Compulsory liquidation of sole traders

Compulsory liquidation of sole traders is another innovation envisaged by the latest amendments to the the Law. The Law now provides an exhaustive list of situations (if the sole trader is barred from engaging in its registered activity by a final decision of an appropriate authority; if the sole trader’s bank account has been frozen for more than two years without interruption; and the like) in which the Business Registrar will publish a notice on the website of the Business Register declaring that conditions were met for the sole trader to be deleted from the Register and invite the sole trader to unfreeze its bank account or address other reasons requiring its deletion from the Register within 90 days. If the sole trader does not do so, the Registrar will sua sponte issue a decision to delete the sole trader from the Register within an additional period of 30 days.

Entry of a new member to the company

Article 175 of the the Law has been amended to stipulate that, where a new member enters the company, a contract must be entered into with that member in writing that is furnished with notarised signatures of the entering member and the person duly authorised in the members’ meeting decision approving the entry of the new member. This defines the written format of the contract on the transfer of shares in equity entered into after the members’ meeting has, pursuant to Article 200(1)(21) of the the Law decided to approve the entry of a new member.

Nullity of contracts on the transfer of shares in equity

Amendments to the Law added a new Article 175a, which stipulates that rullings annulling contracts on the transfer of shares in equity affect both the company and its members. In addition to the above, paragraph 2 of Article 175a, stipulates that if a contract on the transfer of shares in equity that has been annulled by the court was used to substantiate registration of changes to the company’s membership, pursuant to rules governing registration, the competent court will deliver its ruling to the Business Register, which will insert a note into the Register pursuant to rules governing registration, and the litigants or their legal successors are entitled to apply for a change to information about members of the company registered pursuant to an annulled contract on the transfer of shares in equity.

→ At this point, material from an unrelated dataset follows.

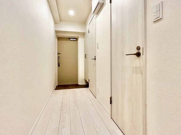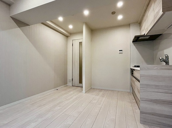 今回ご紹介するのは3階に位置する1DKのお部屋。お部屋全体はベージュ調で統一され、すっきりとした印象。複数のダウンライトがお部屋全体を明るく照らします。毎日住んでも飽きの来ない、シンプルで洗練された空間です。

Remuneration of directors and members of supervisory boards of listed companies

The amendments include new provisions governing remuneration in listed companies that are aligned with Directive 828/2017/EU. Here, the Law stipulates that the listed company is required to have a remuneration policy for directors and members of supervisory boards, in a two-tier governance structure, which must be clear and understandable. In addition, the board of directors, or supervisory board, in a two-tier governance structure, are required to prepare, once every year, a clear, comprehensive, and understandable report on all remuneration paid or undertaken to be paid by the company or an affiliated undertaking operating as part of the same group to each individual director or member of supervisory board in the year preceding the year to which the report pertains. Moreover, the company is required to publish this remuneration report on its web site following the meeting of its members that reviewed the report, and the report must remain accessible free of charge for at least ten years after being published on the web site of the company.

Compulsory liquidation

The section of the the Law that regulates compulsory liquidation has seen some changes. Firstly, two new reasons for initiating compulsory liquidation have been introduced. The first reason is related to the registration of equity of a company purchased in bankruptcy as a going concern, and envisages that the firm is to be liquidated if its buyer does not pay in the difference up to the minimum required equity within 6 months of the end of bankruptcy proceedings, as mandated by Article 45(5) of the the Law. The second reason for compulsory liquidation is where a company does not register a new company’s seat within 30 days of the court ruling ordering the deletion of a registered corporate seat becomes final.